Supplied information:
+---+

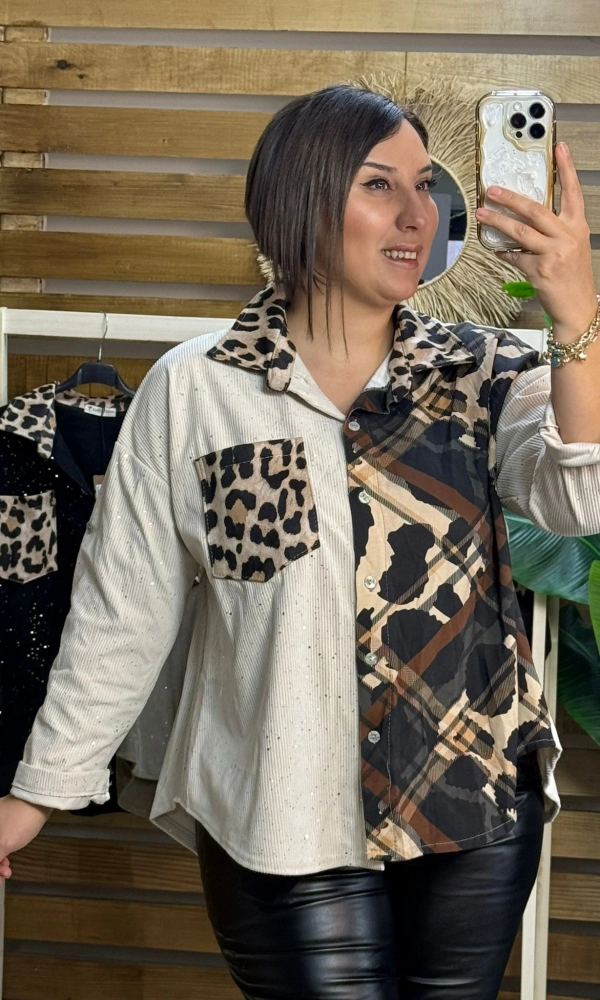İtalyan Tasarım Leopar Desen Kadife Gömlek Beyaz
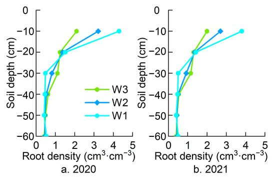 Root density (cm3·cm−3) of tomatoes in the 0–60 cm soil layer under different water treatments, in 2020 and 2021.
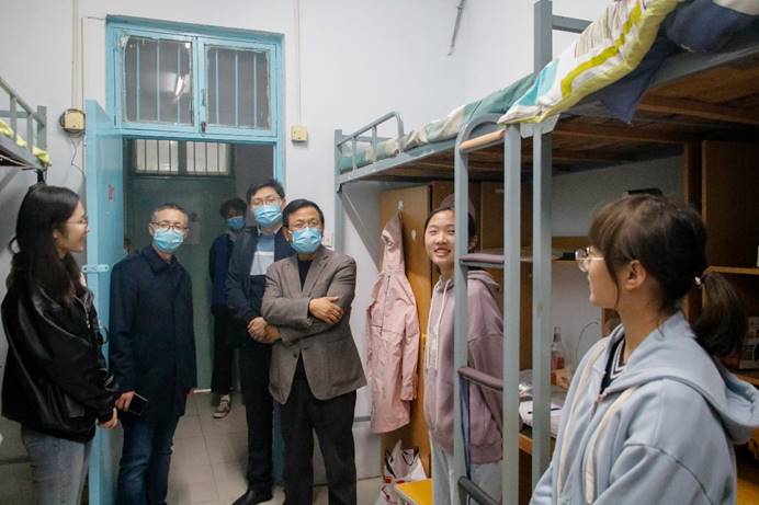 部分老师前往学生公寓,走访、慰问2021级本科生,并为他们送上亲切的问候。

+---+

Work to complete:
Copy the data word for word. Pictures do not go in the copy.

Finished task:
İtalyan Tasarım Leopar Desen Kadife Gömlek Beyaz
 Root density (cm3·cm−3) of tomatoes in the 0–60 cm soil layer under different water treatments, in 2020 and 2021.
 部分老师前往学生公寓,走访、慰问2021级本科生,并为他们送上亲切的问候。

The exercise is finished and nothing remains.